On the threshold stone from which her house has fallen away a woman sits lamenting. Danil goes to her.

In cavernous ruins where fire has taken a family, Lemuel finds two children. Eli and Meletios come to the aid of an aged tinsmith who has lost his wife. Husbands, uncles, cousins, grandmothers, wives, children, all are missing and prayed for. The disciples come amongst those whose hope is snapped like dry bread, who bewail the horror and cannot be spoken to of consolation. Instead, Danil and the others offer their presence. What skills they have are in quietude, and these are plentiful. They sit on the floor of those in mourning, listen to the pain of ones lost in the mystery of suffering. They are its witnesses.

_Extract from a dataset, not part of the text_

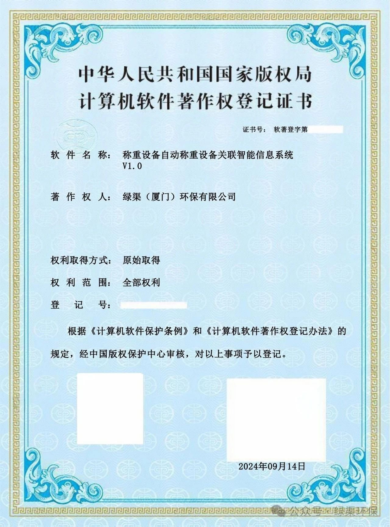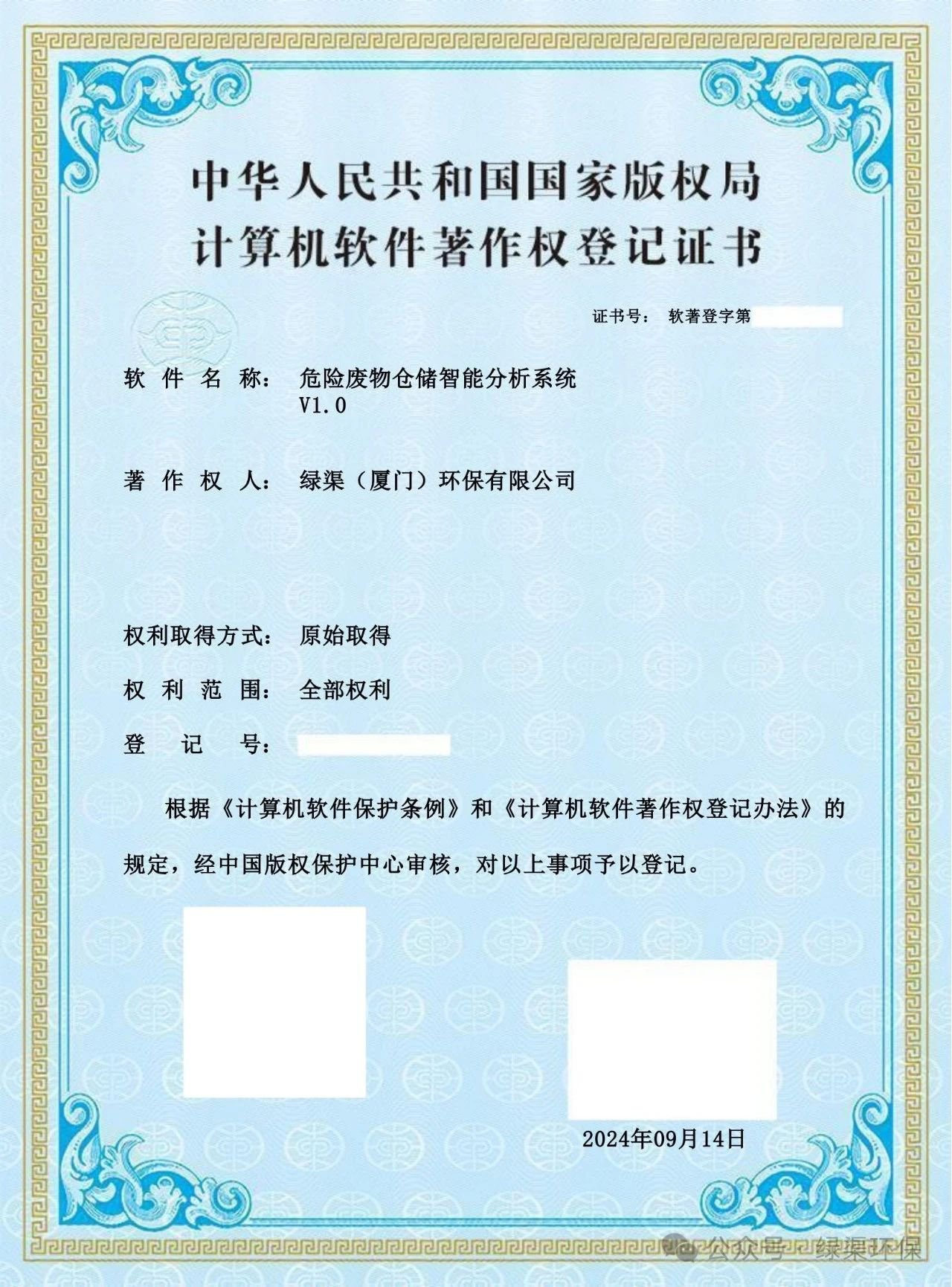 科技创新是企业高质量发展的核心驱动力,是企业能力提升和市场制胜的关键。绿渠环保坚持以固废科技创新为引领,持续突破关键技术瓶颈,掌握多项自主知识产权技术,已形成行业领先的环保科技成果。近日,绿渠环保自主研发的“一种固废仓储货架的取料设备”和“一种废料智能仓储用快速卸货装置”成功通过国家知识产权局审核并颁发《实用新型专利证书》;“称重设备自动称重设备关联智能信息系统V1.0”和“危险废物仓储智能分析系统V1.0”成功通过国家版权局审核并颁发《计算机软件著作权登记证书》,为公司推动工业固废处置技术升级、危废仓储数字化管理、实现可持续发展提供了有力的支撑。此次研发不仅成功解决了固废取料效率低/废料卸货速度慢/称重误差大等问题,更是为“无废城市”建设添砖加瓦。未来,公司将继续以创新驱动环保产业发展,书写绿色发展的辉煌新篇章!

It is practice that Papias finds at first most difficult. He wants to preach God's love. He wants to tell that Christ is coming, that they must just believe. But even he, too, comes to this understanding, that it is a time of silence and action. In one house a trader who has lost his father gives him salted fish for thanks; this Papias brings to another not far distant who starves. A scorched morning when the birds of prey wheel lower a woman rushes from a ruin, clutches at his robe. 'Help me, help me, my daughter.' She pulls him to an inner courtyard of stone and sand and broken timber. 'She lives. I know she lives!' she says. 'I hear her.'

'You hear her?'

'She doesn't stop calling. Listen. You can hear.'

Papias hears nothing. It is days since the quake. None can be living still.

'Help me. Please sir, help.'

Papias looks at her as at a memory. He looks away and throws himself into clawing free the rubble. The sun burns at his back. Beneath his robe he can feel the sores ooze. For an hour, two, he pulls away the collapsed building. He hears no sound of any child, only the woman sobbing prayers to all gods and any gods that will listen. Shreds of cloth, shards of vase, remnants of all manner, he pulls from the dust, then finds large stones that have crossed one another in falling. Beneath he hears a whimper.